Question

In a children’s park there is a slide, which has a total length of 10m and a height of 8m. A vertical ladder is attached to the top of the slide. A child of mass 20kg slides down to the ground. The average friction offered by the slide is three-tenth of his weight. The work done by the slide on the boy as he comes down is:

A). 0 J
B). +600 J
C). -600 J
D). +1600 J

Answer 1

Hint: Note that the only influencing force on the boy contributed by the slide is the frictional force between the boy and the surface of the slide. This force is usually proportional to the normal reaction force acting on the boy, but since we are given that the value of this force is three-tenths of the gravitational force acting on the boy we assume the same and calculate the frictional force that impedes the motion of the boy down the slide. Therefore, the work done by the slide on the boy is this frictional force acting along the length of the slide. Use this to quantitatively determine the work done.
Formula Used: Frictional force: $F_r = \mu N$
Work done: $W = \vec{F}.\vec{s}$

Complete step-by-step solution:
Let us begin by drawing a diagram that represents the influencing forces resolved into their directional components.
We are given that the mass of the child is $m=20\;kg$. This means that the gravitational force acting on the child is $F_{g} = mg = 20 \times 10 = 200\;N$, assuming the acceleration due to gravity $g \approx 10\;ms^{-2}$.

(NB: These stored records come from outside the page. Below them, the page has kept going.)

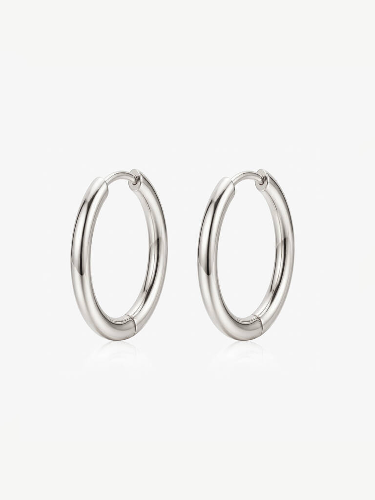 Silver Or Gold Solid Hoop Earrings, Women's Jewellery
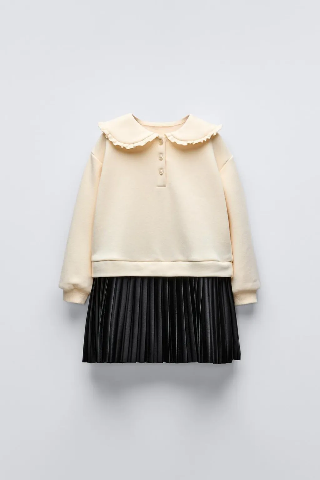 Vestido con cuello bobo y manga larga. Cierre con botones en canesú. Calidad interior cálida y suave. Falda en tejido efecto piel plisado.
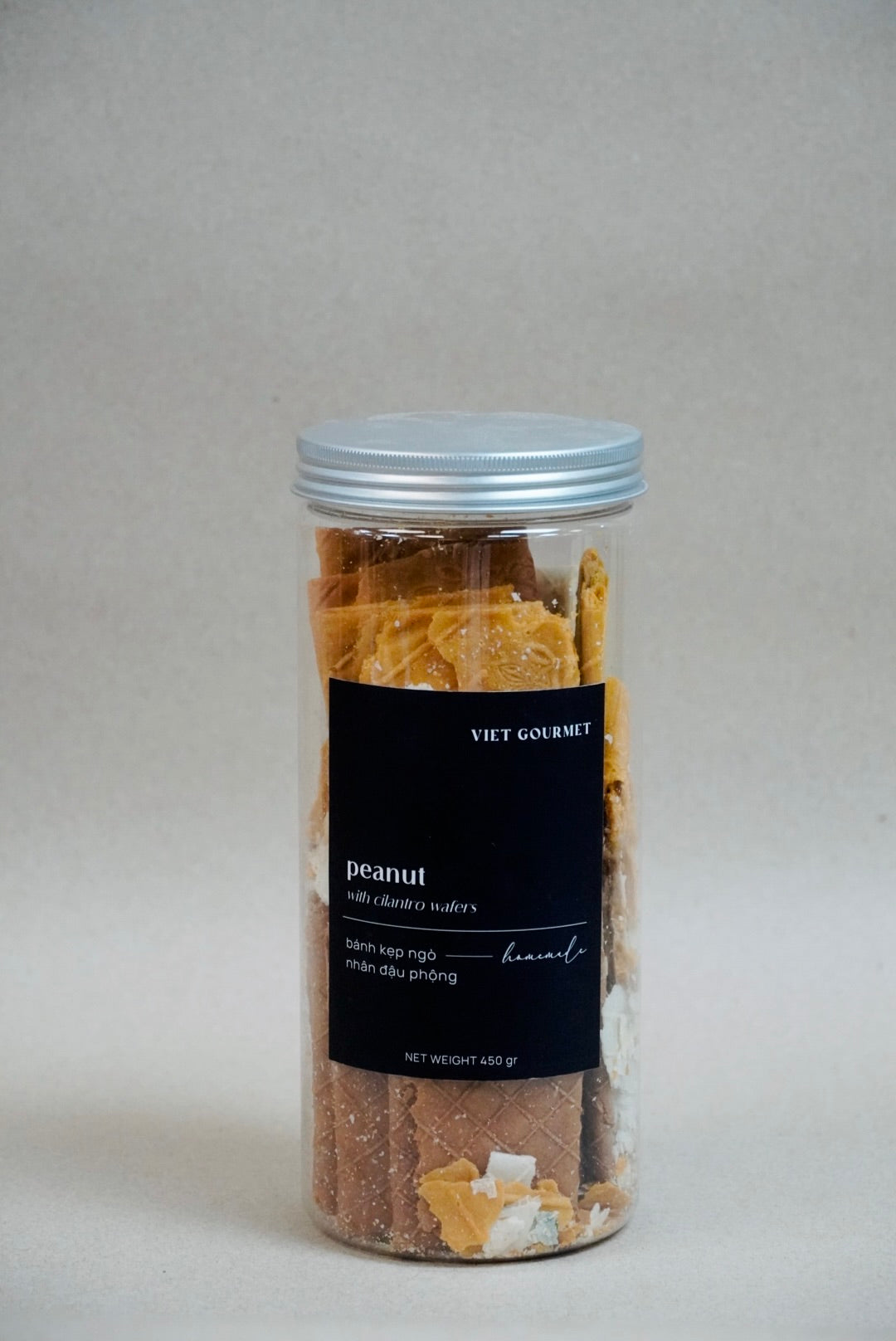 Bánh Kẹp Ngò Đậu Phộng is a crispy, fragrant Vietnamese wafer made with a unique blend of roasted peanuts and fresh cilantro, creating a perfect balance of nutty richness and herbal freshness. Each bite delivers a light, crunchy texture with a subtle sweetness and a delightful aroma.
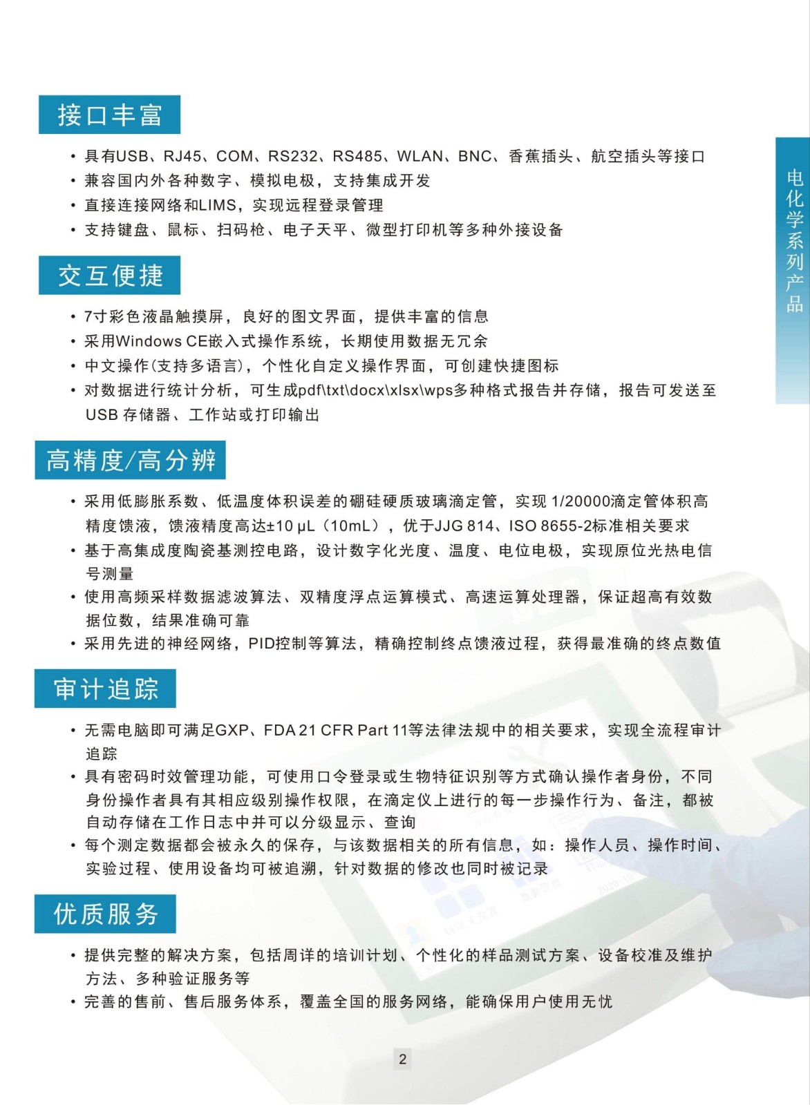 2、具有动态滴定(DET )、等量滴定(MET )、终点滴定(SET)、手工滴定(MAT)等功能模式;
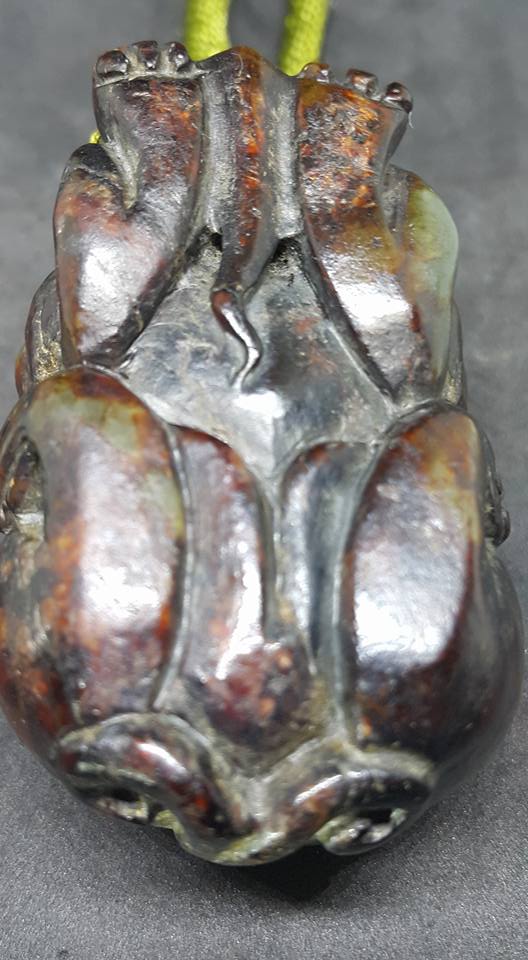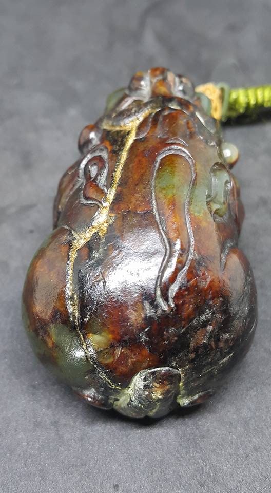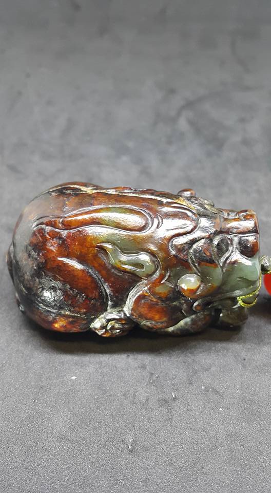 此件以和田籽料彫琢而成的玉獸、全器幾近滿土泌、從少部的玉窗漏出細緻玉質和那渾厚包漿、
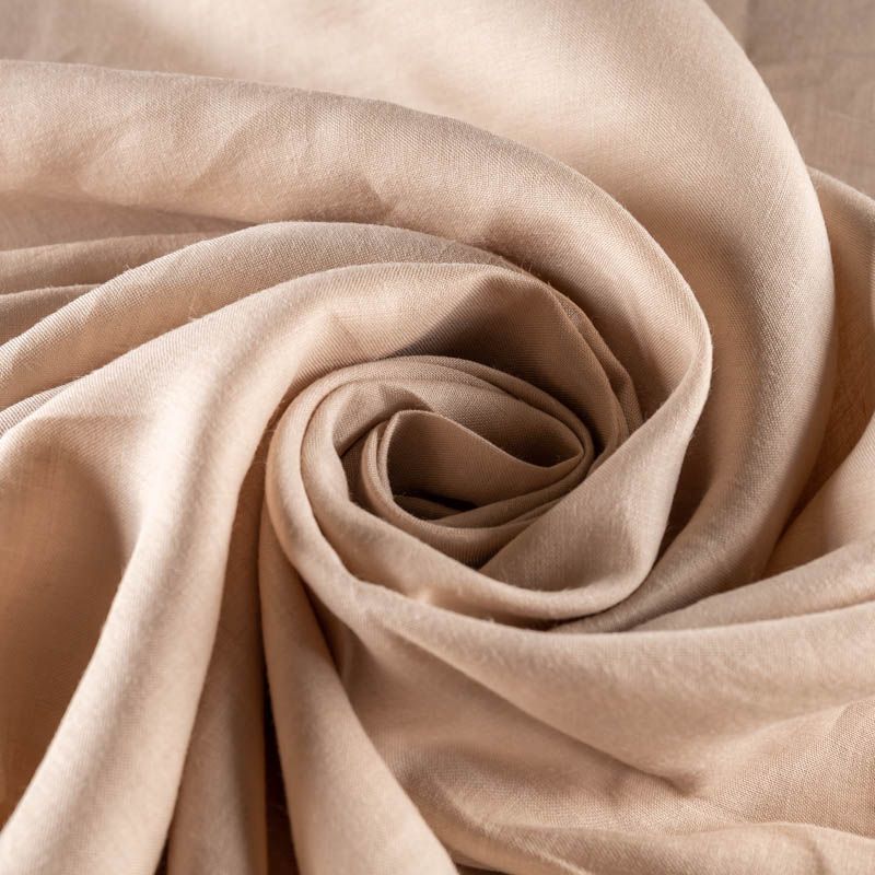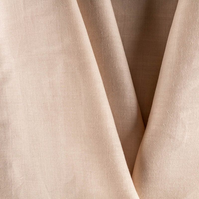 Плательно-рубашечный лен теплого песочного оттенка. Ткань легкая, средней плотности, поверхность матовая. Приятная на ощупь, хорошо держит форму, немного тянется. Отличный вариант для летних платьев, сарафанов, рубашек, брюк или шорт.
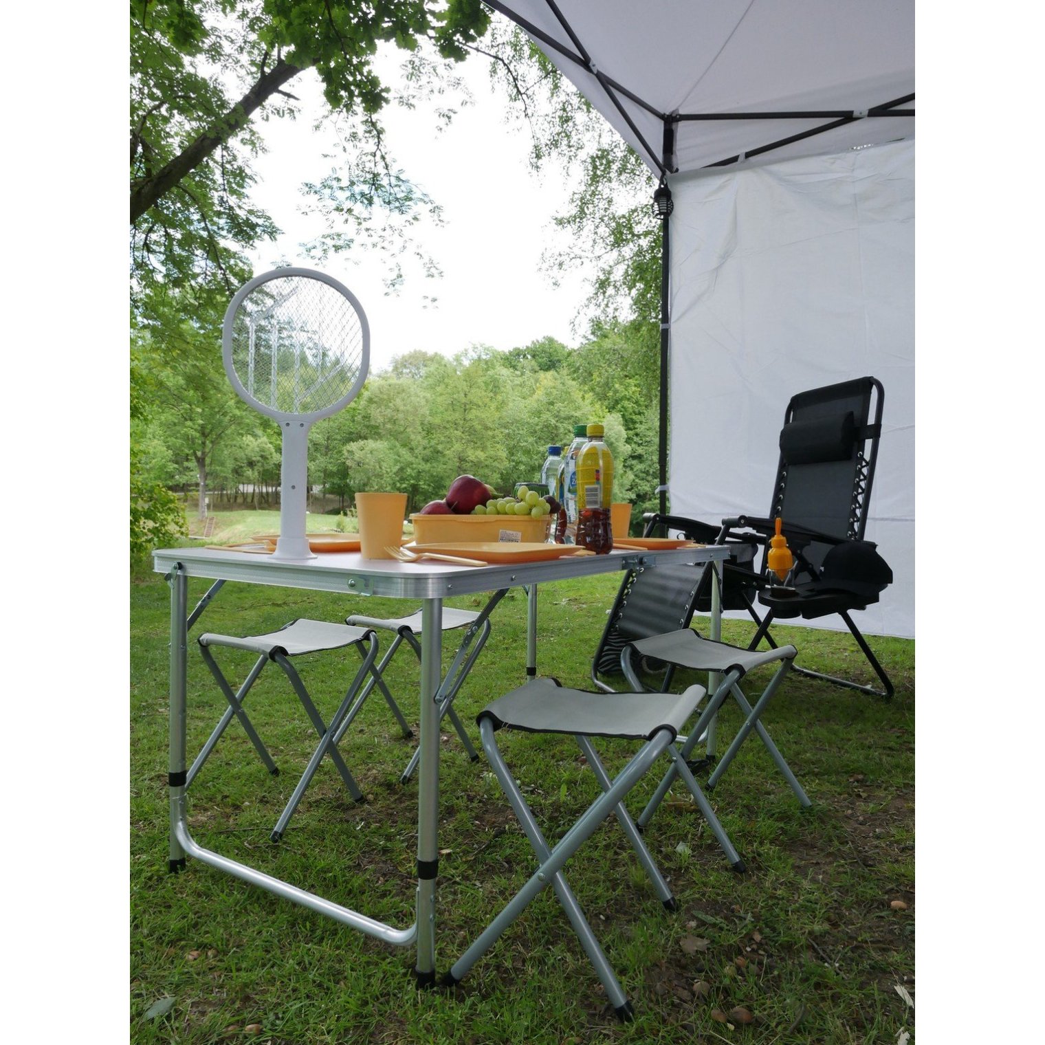Ідеальне рішення для любителів активного відпочинку! Цей повний кемпінговий набір включає функціональний стіл та чотири складні стільці — готові до поїздок за місто, на дачу, в кемпінг або на сімейний пікнік.
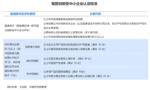 申報標準:創新型中小企業的認定包括“直通車”和“評價指標”兩種方式,若企業不滿足直通條件中任何一條,還可通過指標評價進行申報。“評價指標”的考核維度包括創新能力、成長性、專業化三類六個指標,評價得分達到 60 分以上(其中創新能力指標得分不低于 20 分、成長性指標及專業化指標得分均不低于 15 分)即可通過創新型中小企業申報。
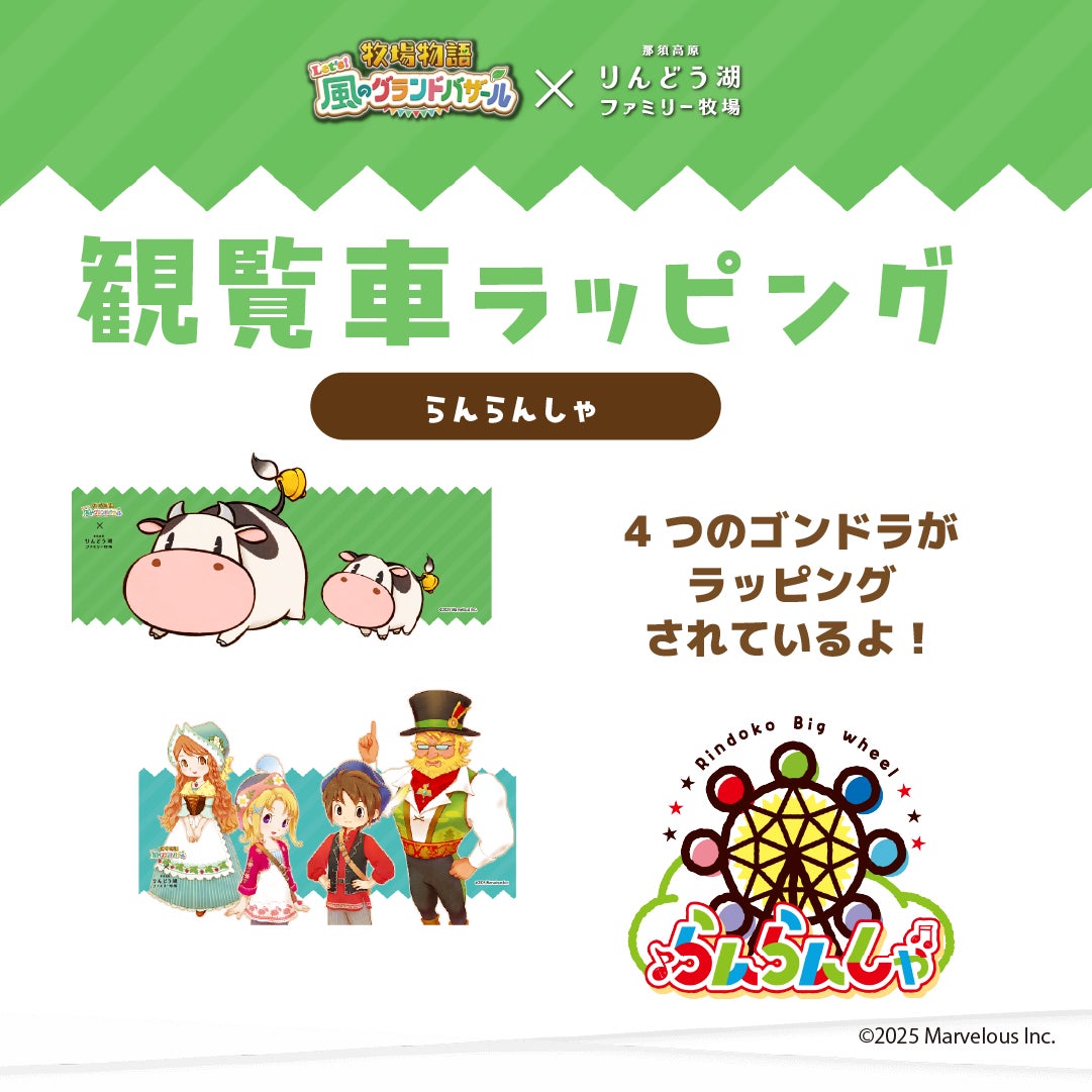 那須興業株式会社(栃木県那須町/代表取締役社長:林 沙紀)が運営する「那須高原りんどう湖ファミリー牧場」(以下、「りんどう湖ファミリー牧場」という)は、「牧場物語」シリーズ最新作『牧場物語 Let’s!風のグランドバザール』とのコラボ企画を2025年8月23日(土)から2025年10月31日まで開催します。
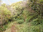 Retour : Rejoindre le premier cratère puis reprendre le sentier jusqu'à une bifurcation. Partir sur la gauche et traverser la zone forestière sur un sentier qui varie en fonction du relief. Il débute par des marches (photo 22), se poursuit sur des pentes parfois fortes dans les jouvences (photo 23) pour se terminer dans les vignes marronnes (photo 25). On retrouve le très agréable Chemin Safer (Chemin des Géraniums sur certaines cartes) bordé d'une végétation touffue et en pente légère vers Grand Coude (photo 26). Avant un réservoir à 1250 m d'altitude, on peut emprunter une piste qui ramène au sentier emprunté dans la montée mais il vaut mieux poursuivre sur le goudron. Plus bas, ce sont les prairies et leurs troupeaux qui bordent cette route (photo 27). Poursuivre en descente jusqu'au Chemin Théophile Gauthier et partir plein est jusqu'au parking du début.
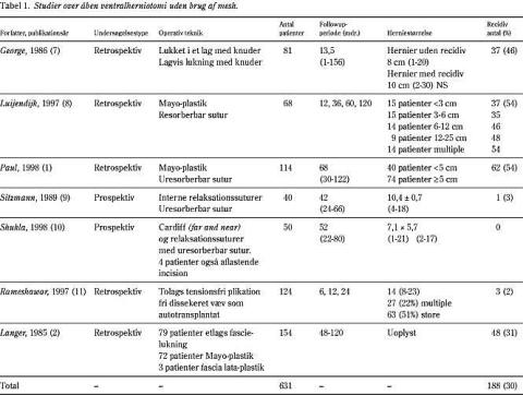 Behandling af ventralhernier med simpel adaptation af fasciekanterne har recidivrater på op mod 46 % (7) (Tabel 1 ). Mayo-plastik er en primær suturering uden aflastende incisioner eller aflastende suturer, hvorfor der kun på små hernier opnås tensionsfri plastik. Ved anvendelse af Mayo-plastik udvikles der recidiv hos 54 % efter en followupperiode på 68-120 mdr. (1, 8) (Tabel 1).
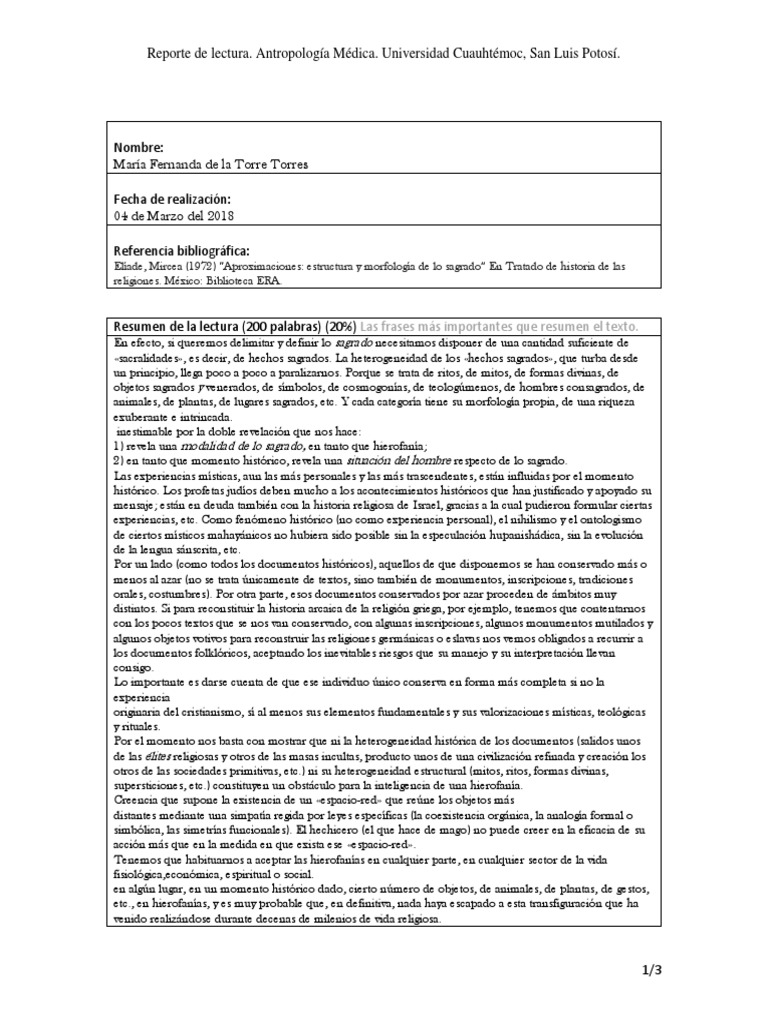 Reporte De Lectura De Estructura Y Morfologia De Lo Sagrado Pdf Sagrado Lectura Proceso
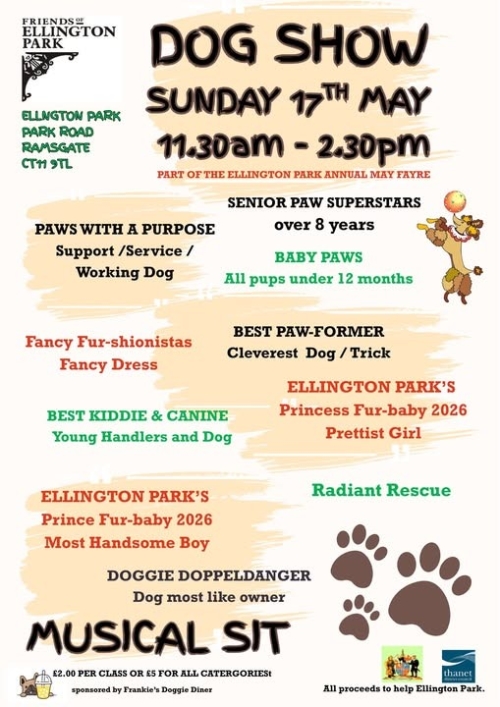 DOG SHOW – Starts at 1:30PM (£2 entry) - Rosettes for 1st–3rd place winners! Categories include Most Handsome * Prettiest Female * Best Rescue * Gentle Giant * Small & Sassy
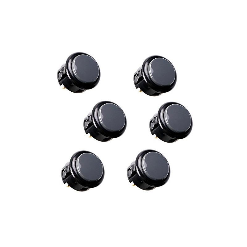 SANWA 6 pcs OBSF-30 Original Push Button 30mm - for Arcade Jamma Video Game & Arcade Joystick Games Console (Black & Gray) S@NWA

Now, the force offered by the slide is only the frictional force that impedes the motion of the boy as he slides down the incline. Therefore, the work done by the slide is in imparting friction to the motion of the boy.
$W = -F_{f}.s$, where s is the displacement of the boy over the slide which is nothing but the length of the slide $s = 10\;m$.
Now, we are given that the frictional force is three-tenths of his weight.
$\Rightarrow F_{f} = \dfrac{3}{10} \times F_{g} = \dfrac{3}{10} \times 200 = 60\;N$
In this case, the work done by the slide on the boy as he comes down is given as:
$W = -F_{f}.s = -60 \times 10 = -600\;J $
Therefore, the correct choice is C. -600 J

Note: It is very important to remember to separate the components of forces and choose the correctly contributing component for each direction. Also, do not forget to include the coefficient of friction while determining the frictional force in case it is explicitly mentioned. It is also crucial to remember the sign convention for work done. If any force retards the motion of a body, the work done by that force will be negative but if a force contributes to the motion of the body the work done by that force will be positive.